Document monitor() function

knizhnik · knizhnik · commit 1f303bc637e1 · 2017-11-21T13:55:55.000+03:00
diff --git a/readme.md b/readme.md
@@ -470,6 +470,30 @@ recovery()
 Check consistency of cluster state against current metadata and perform recovery,
 if needed (reconfigure LR channels, repair FDW, etc).
 
+```plpgsql
+monitor(deadlock_check_timeout_sec int = 5, rm_node_timeout_sec int = 60)
+```
+Monitor cluster for presence of distributed deadlocks and node failures.
+This function is intended to be executed at shardlord and is redirected to shardlord been launched at any other node.
+It starts infinite loop which polls all clusters nodes, collecting local *lock graphs* from all nodes.
+Period of poll is specified by `deadlock_check_timeout_sec` parameter (default value is 5 seconds).
+Local lock graphs are combined into global lock graph which is analyzed for presence of loops.

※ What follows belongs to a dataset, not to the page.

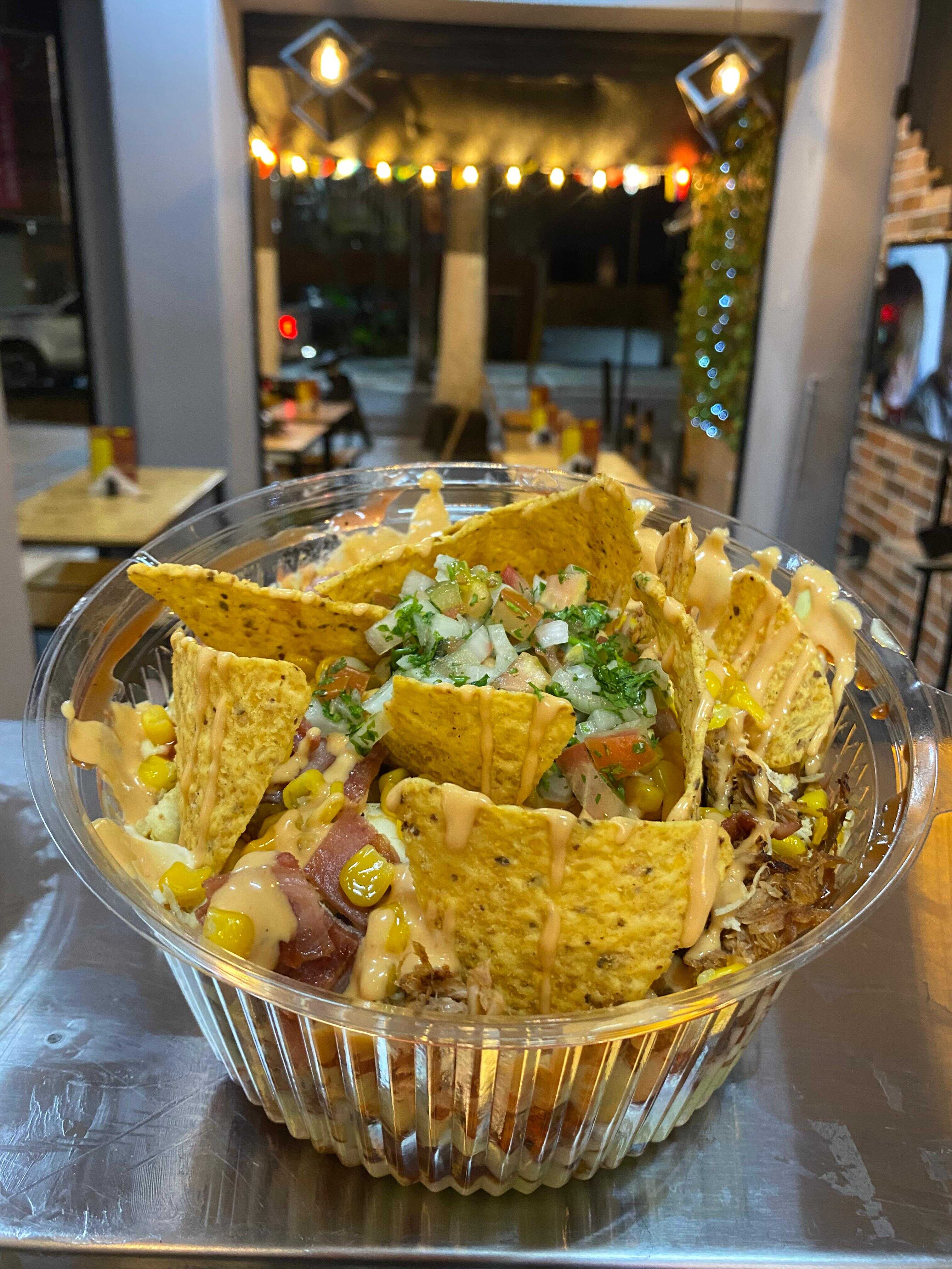 Papa criolla, pollo desmechado, maduro, salsas de la casa, pico de gallo, queso y nachos.

+A loop in lock graph means distributed deadlock. Monitor function tries to resolve deadlock by canceling one or more backends
+involved in the deadlock loop (using `pg_cancel_backend` function, which is not actually terminate backend but tries to cancel current query).
+As far as not all backends are blocked in active query state, it may be needed send cancel several times.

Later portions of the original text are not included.